Here is one from the American Nuclear Society:

http://www.ans.org/pi/resources/dosechart/

And yet another one by the Neighborhood Environmental Watch Network:

http://newnet.lanl.gov/info/dosecalc.asp

Some of the questions they ask to calculate exposure are pretty interesting. I'm not sure, for example, if I live within 50 miles of a nuclear power plant or a coal-fired power plant. I never really thought about how living in the Colorado Plateau gives you 63 mrems a year (as opposed to 16 mrems on the Atlantic coast). Having a gas camping lantern gives you 0.2 mrems annually and sharing a bed with someone gives you 1 mrem.

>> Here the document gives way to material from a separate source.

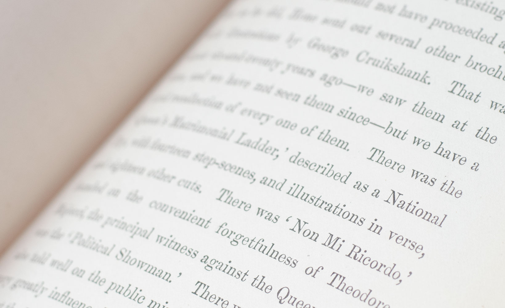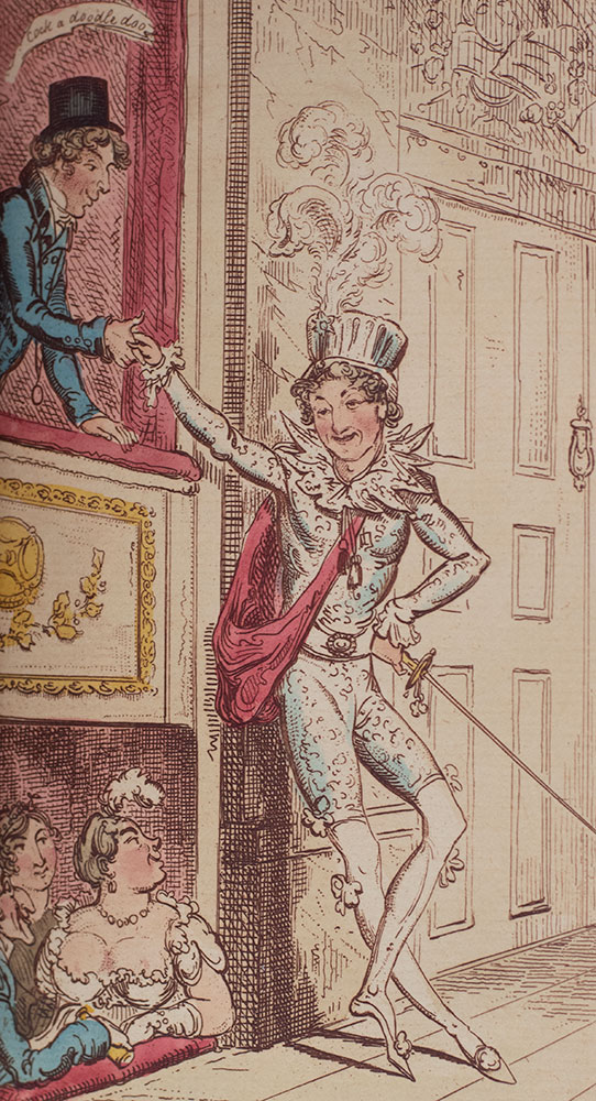 Praised as the "modern Hogarth" during his lifetime, British caricaturist and book illustrator George Cruikshank was, for a time, England's most popular satirist. He illustrated numerous works for close friend Charles Dickens including Sketches by Boz (1836), The Mudfog Papers (1837–38) and Oliver Twist (1838). Cruikshank's early work was caricature; but in 1823, at the age of 31, he started to focus on book illustration. He illustrated the first, 1823 English translation (by Edgar Taylor and David Jardine) of Grimms' Fairy Tales, published in two volumes as German Popular Stories

Here's what the American Nuclear Society says about dose:
The average dose per person from all sources is about 360 mrems per year. It is not, however, uncommon for any of us to receive far more than that in a given year (largely due to medical procedures we may undergo). International Standards allow exposure to as much as 5,000 mrems a year for those who work with and around radioactive material.
Because of my x-rays, my dose is twice as much as the norm. But I'm comforted by the fact that it's 4,373.93 rmems less than the allowable annual maximum permissible dose under the (somewhat frighteningly generous) International Standards.

5/24/2009

CDC on Twitter

I must have died and gone to alarmists' heaven. You can now receive emergency alerts from the CDC on Twitter.

5/19/2009

Climate Change Apocalypse: 'Extremely Frightening and Turbulent'

I never really thought of global warming as a public health issue...until now. Expect many more updates about my new favorite fear.

Thanks to Lydia M. for the warning:

CLIMATE: Warming may be world's biggest health threat -- study (Thursday, May 14, 2009)

Global warming has surpassed infectious disease, poverty and water shortages as the largest threat to public health, according to a new study from climatologists and medical professionals.

While poorer countries will be the first to feel the effects of a changing climate -- such as exacerbated food and water shortages and humanitarian crises of environmental refugees -- the problem will later cause real and lasting damage in wealthier Western nations, said Anthony Costello, a pediatrician at University College London, which conducted the report published today in The Lancet journal.

"Climate change is a health issue affecting billions of people, not just an environmental issue about polar bears and deforestation," Costello said. "We are setting up a world for our children and grandchildren that may be extremely frightening and turbulent."

The researchers said disruptions in climate could cause food, water and energy shortages and population shifts, resulting in wars over increasingly scarce resources (Cortez/Morales, Bloomberg, May 14). -- PR

5/12/2009

Not a Fan of Watersports: N. fowleri


Sometimes people are like, Kim, why'd you start this blog? And I'm like, because where else can I describe my fear of Naegleria fowleri and how it keeps me out of lakes?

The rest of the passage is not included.